Is there a way to handle this type two NULL values?
Thanks,
Marc
Look if it help's you.
Thanks Pablo,
So the background color expression directly on the column doesn't work in your example as well, because this line
if(len([Second Date])> 1,green(),'no date')
doesn't return "no date" in case of Null values (I tried blue() instead of 'no date' as well and it doesn't work either).
However I modified your code for the "Return" column to
if(Not IsNull([Second Date]),date([Second Date]),'NOK')
So the trick might be, not using the isNull function on the existing column but create a new one instead and fill it in case it's not null... And on this column also the coloring of the background works as intended.
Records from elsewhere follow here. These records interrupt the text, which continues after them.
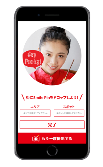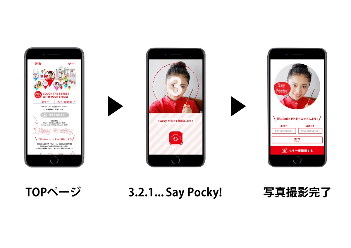 ① キャンペーンサイトで「Say Pocky!」という掛け声と共に笑顔を撮影。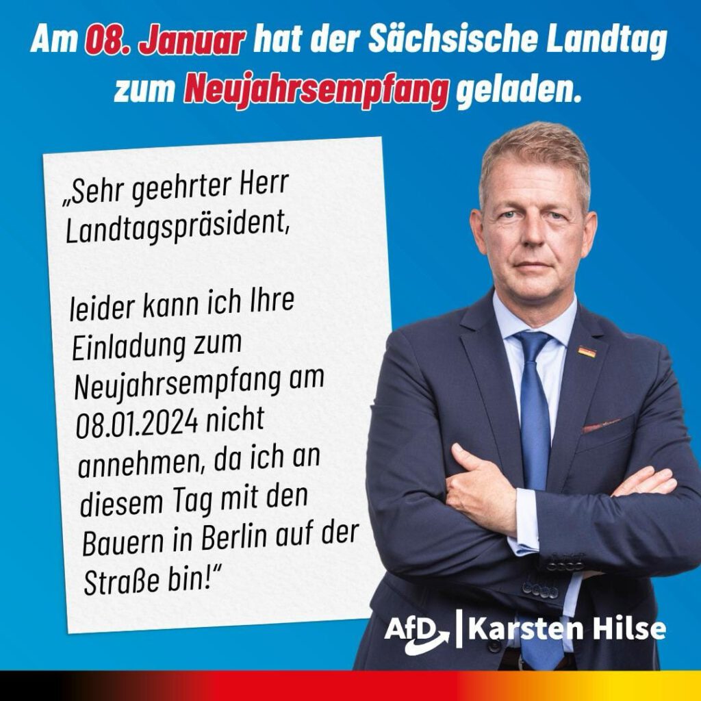 Am 08.01.2024 findet im Sächsischen Landtag der jährliche Neujahrsempfang statt. Das erste Mal seit 6 Jahren werde ich an diesem Empfang nicht teilnehmen. Ich werde in Berlin sein und gemeinsam mit den Bauern und vielen anderen Menschen aus verschiedensten Teilen des Volkes gegen die desaströseste deutsche Regierung seit dem 2. Weltkrieg demonstrieren. Schließen auch Sie […]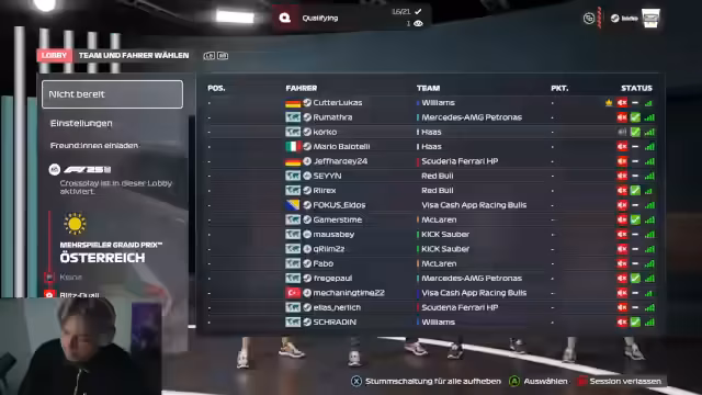 04:00:11Die Regeln werden weiter verfeinert. Willi erhält ebenfalls ein Handicap, das besagt, dass er nur mit dem mittleren Setup im Qualifying fahren darf. Falls dies zu stark ist, soll er auf Platz 18 starten. Die Rennreihenfolge und die Strecken (Österreich, Monza, Baku, Monaco) werden festgelegt und die Renndauer pro Strecke wird bekannt gegeben. Es wird eine Pause nach jedem Rennie eingeplant, da Formel 1 als anstrengend gilt. Der Start des Turniers steht unmittelbar bevor.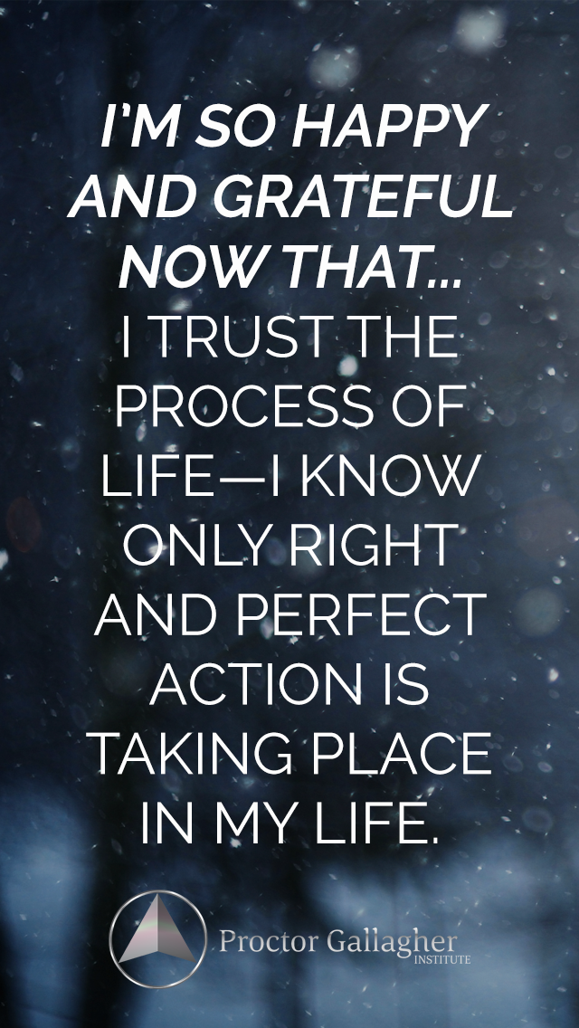 I am so happy and grateful now that… I trust the process of life—I know only right and perfect action is taking place in my life.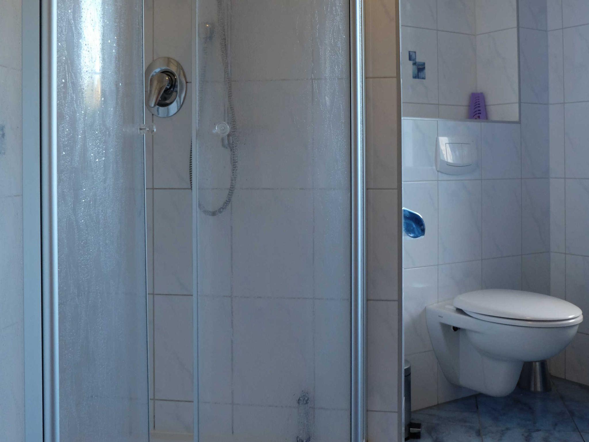 Die beiden Schlafzimmer sind mit einem Doppelbett bzw. Einzelbetten und Schrank ausgestattet. Im Badezimmer befindet sich ein WC und eine Dusche. Zusätzlich gibt es in der Wohnung noch ein Gäste-WC.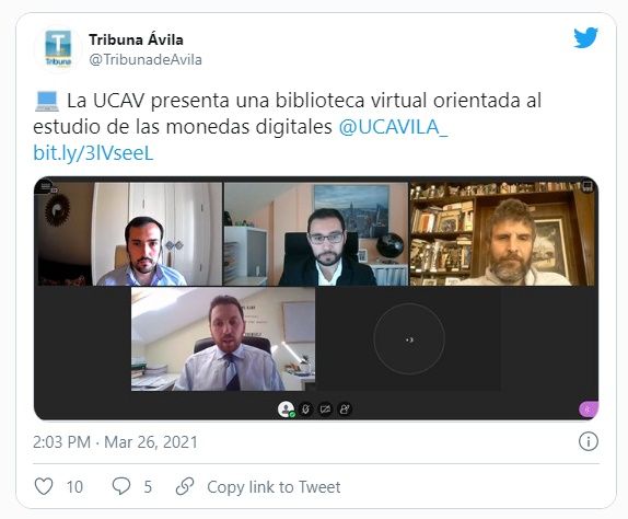El 26 de marzo del 2021, la Universidad Católica de Ávila (UCAV) anunció la creación de la primera biblioteca virtual de España orientada al estudio sobre monedas digitales de bancos centrales (CBDC) con el fin de divulgar a nivel mundial la mayor información posible sobre estas nuevas tecnologías.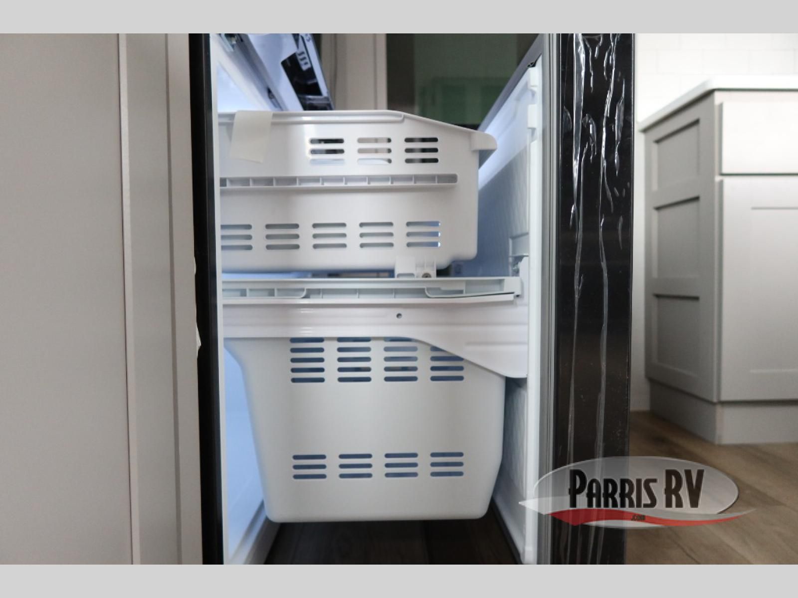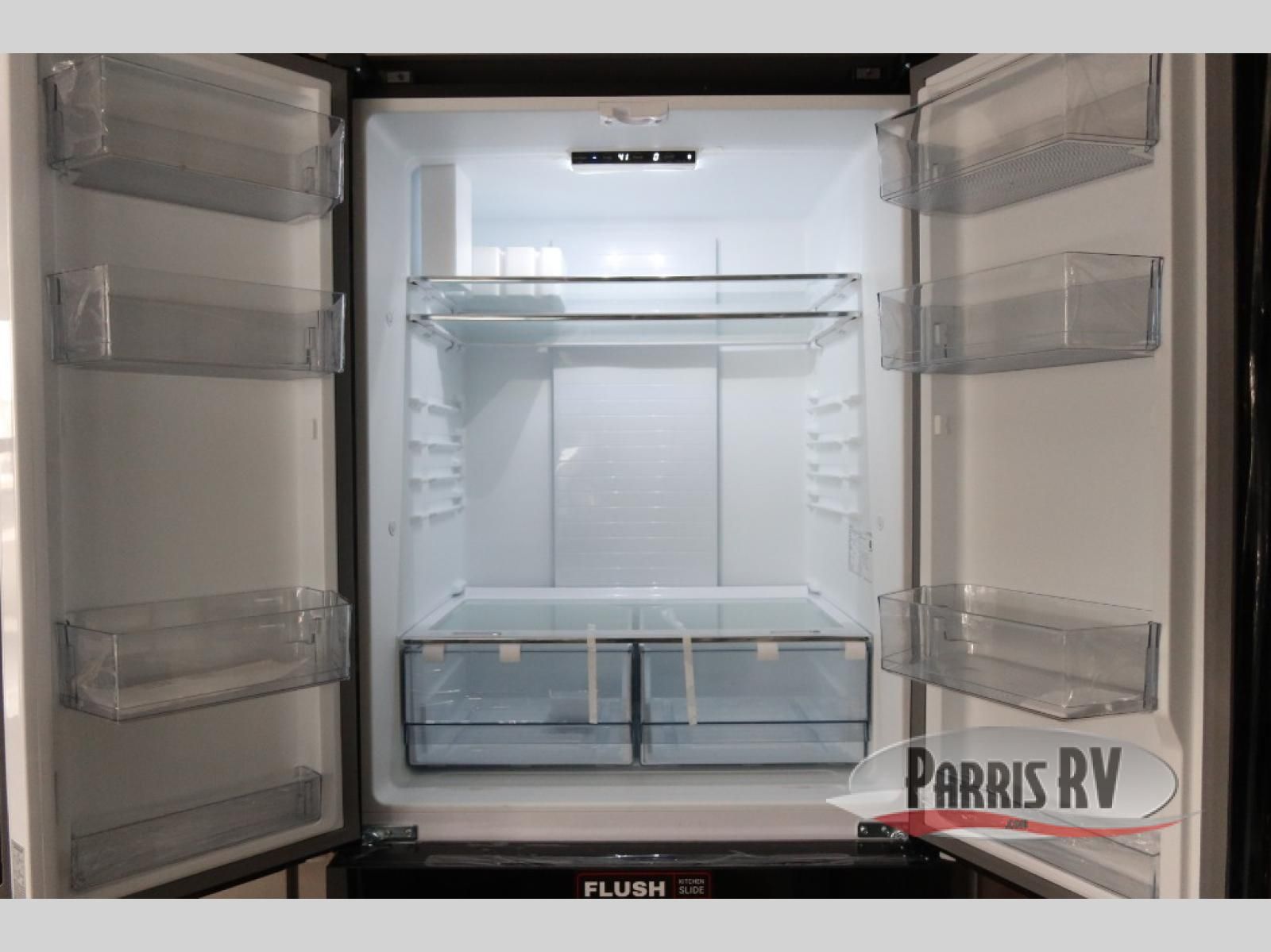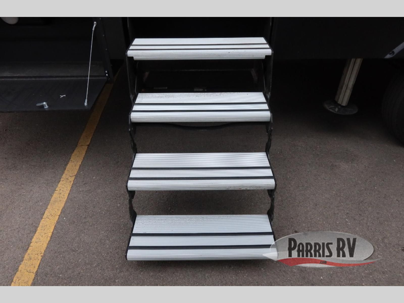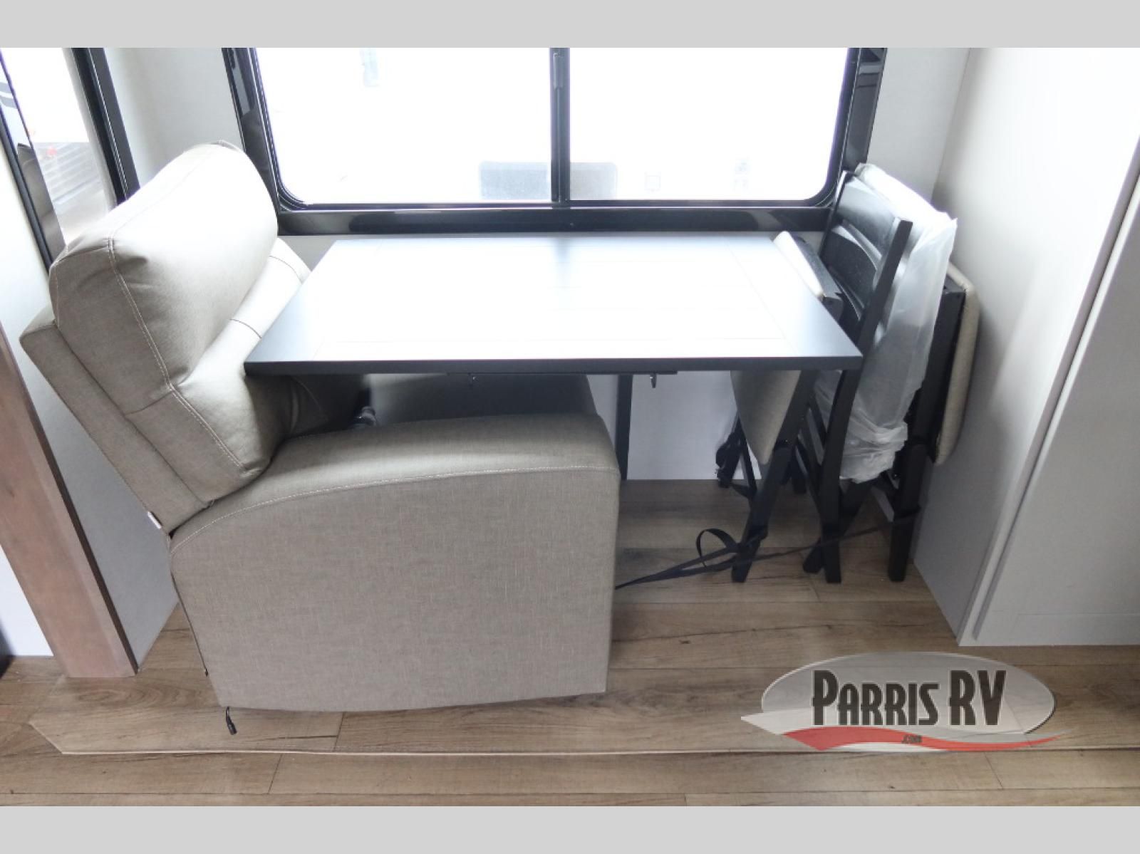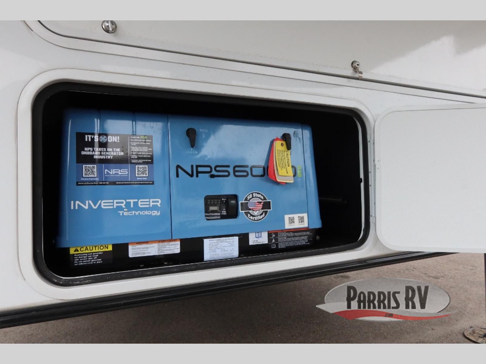 This spacious toy hauler will be perfect for weekend trips to the lake or woods! Once you've unloaded your toys from the 11' separate garage, you can relax on the 60" dual opposing sofas or set up the HappiJac bed for guests if it's getting late. There is also a 30" x 72" bunk/loft bed above the garage, a 40" garage TV, and a half bath for added convenience. As you head into the kitchen area, you'll find ample counter space to prep meals, along with a buffet, a spacious pantry and a 12V refrigerator for perishables. You can dine together at the dinette with chairs, then head to the L-shaped sofa across from the fireplace and 65" TV for movie night. The full bath includes an entrance from the hallway and into the front master bedroom. Here, you'll enjoy a king bed slide out, a flip-up dresser with a 32" TV, plus a front wardrobe with washer and dryer prep if you plan to go full-time!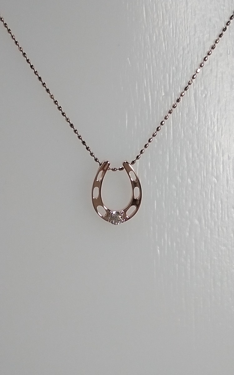 - K10(PG)ダイヤペンダントネックレス!0.07ct.。馬蹄型。
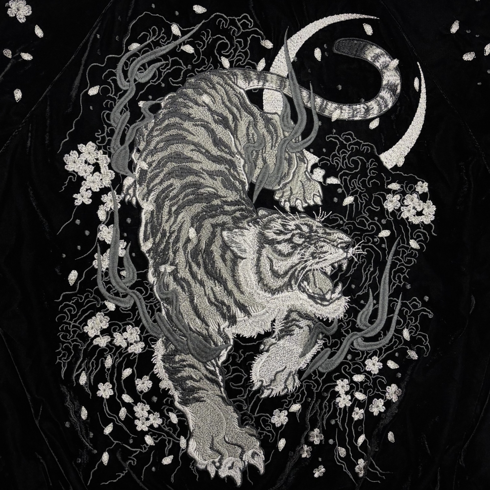 満月と桜をバックに炎をまとって咆哮する虎を全体にフューチャーした迫力あるスカジャン。可能な限り大きな絵柄を入れられるようデザインされた構図が印象的、大胆かつ繊細な仕上がりで針数を多く使った虎は迫力バツグン!美しさと躍動感が他とは違う自信のモデルです。フロント左右・バックだけでなく腕部にも刺繍の入ったゴージャスタイプ、ゴールド/シルバー刺繍2色をご用意いたしました。数量限定品。【中綿抜きモデル】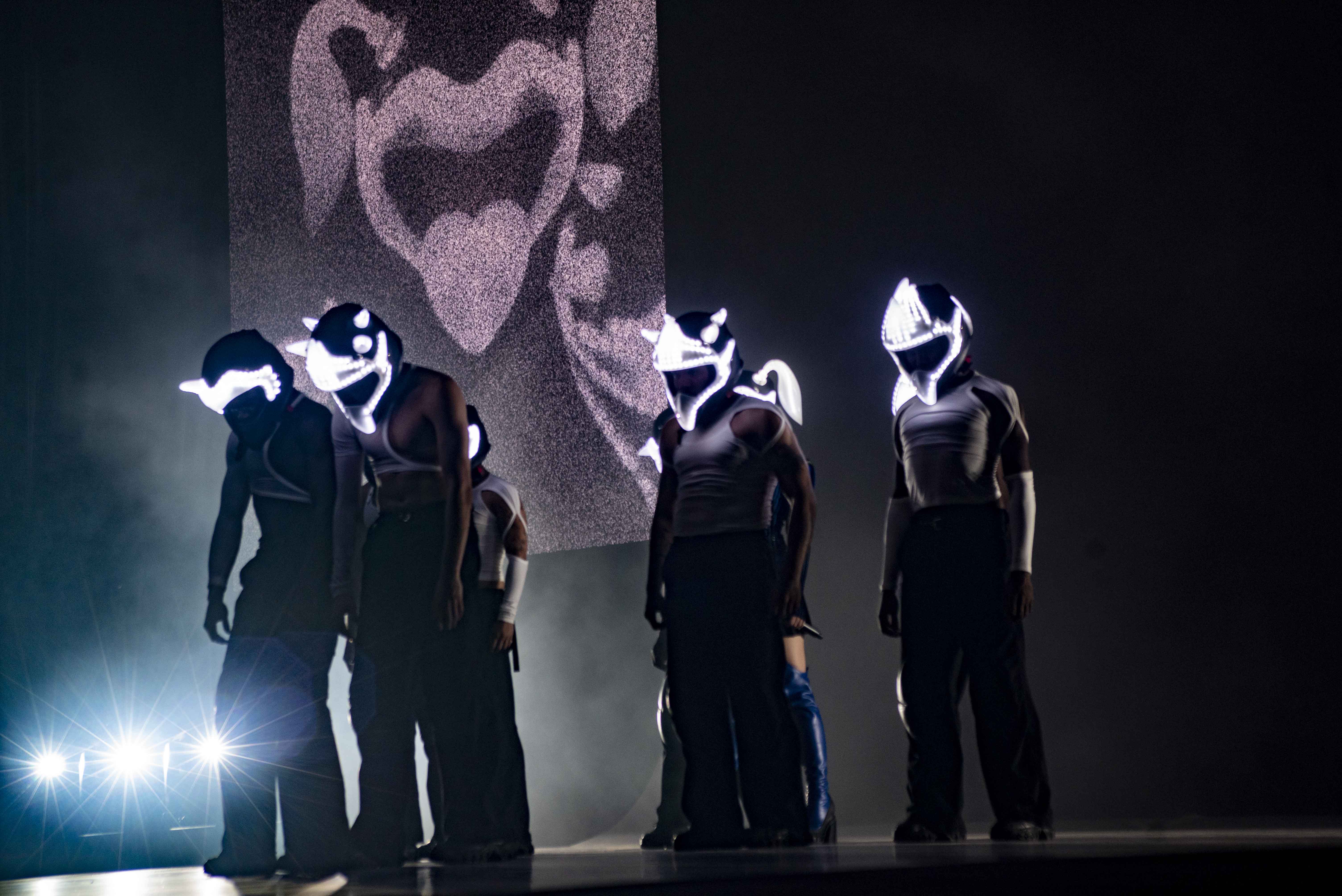 Tras un rugido de motores, el cuerpo de baile de Rosalía, formado por una decena de bailarines, a diferencia de la gira anterior, que eran chicas, aparece ataviado con cascos luminosos y actitud desafiante y guerrera, como si se tratara de un atávico ritual o de la llegada de seres de otro mundo. De entre ellos, cual ‘madre de dragones’ liderando al clan, aparecerá Rosalía con un atuendo colegial que no abandonará en toda la noche, pese a los rigores de la exigencia física del concierto sumado a los calores estivales. ‘Saoko’ inicia el aquelarre de un arranque de canciones que bien podrían haber sido bises. Un tema con una base tan densa como el doom, con un piano desordenado que, sí, bebe del jazz, y que a su vez incluye guiño a Wisin y Daddy Yankee. ‘Candy’, balada romántica de timbre limpio y agudo, con su “Almería no me olvides”, y el jugueteo de ‘Bizcochito’, batidora casi alucinógena donde coquetea con lo infantil puesto que hasta los bailarines recorrían el escenario cual querubines, mantuvieron el efectismo brutal que tuvo su colofón en esos compases y sonidos de bachata canónica que es ‘La Fama’, con base del joven Tainy.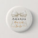 Fira din speciella milstolpe med denna snygga möhippa-knapp. Designen har en lyxig elfenbensfärgad båge prydd med ömtåliga pärlsträngar och sofistikerad guldfärgad text. Den fungerar som ett stilfullt tillbehör för bruden att bära under hennes brudvisning eller kväll ute med brudtärnor. Elfenbensfärgad bakgrundsfärg.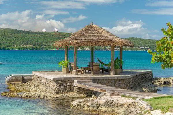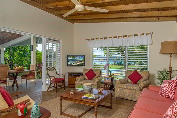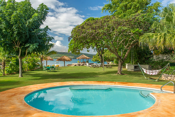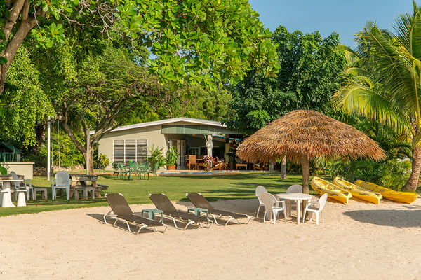This three-bedroom casual cottage shares a delightful waterfront site with its neighbouring Villa, on the clear waters of Discovery Bay. Linga-Awile sits on a lovely, long, large lawn. Beyond the lawn and swimming pool is its sugary white sand beach with two thatched-roof umbrellas for shade. Interiors have been designed for put-your-feet-up comfort. The feeling is an at-home, informal, easy lifestyle. Meals are served inside, on an open-air patio, or on picnic tables at the beach. The cook will plan torchlight beach parties with chicken, chops, steaks, lobster, or fresh fish served sizzling from the outdoor grill. Linga Awile has its own pool, outdoor barbecue grill, and seaside rinse-off shower. Kayaks are complimentary. Other water toys include a swim-up deck and a floating bar. More water sports are available just a few minutes’ drive away. In lively Ocho Rios 30 minutes from Linga Awile are night life, excellent restaurants, shops, open-air craft markets, clubs where guests may purchase day passes, more water sports, Prospect Plantation Great House, rafting on the Martha Brae, jitney tours of a working plantation, dramatic Dunn’s River Falls, and Dolphin Cove where guests may swim with the dolphins (reservations required).

So thanks again Pablo for your extensive help and patience
Marc
Nice Marc !
Normaly IsNull works....
It solves your problem ?
Not sure if I'm correct (still need to learn). but the "Background Color Expression" can only work properly if the field in the table really exists. If you have in the "Field Expression" an isNull function and fill the field with blank (or better: create the field in the table), then also the isNull function in the "Background Color Expression" can color the field appropriate. But if the field in the table is greyish and with the dash it doesn't exist and cannot be colorized.
That's my impression I got by solving this topic here...
So to your last question: yes, it's solved but not sure which reply I should mark as answer?
Thanks again,
Marc
I tried to use NullAsValue but with the same result.
Normaly IsNull works....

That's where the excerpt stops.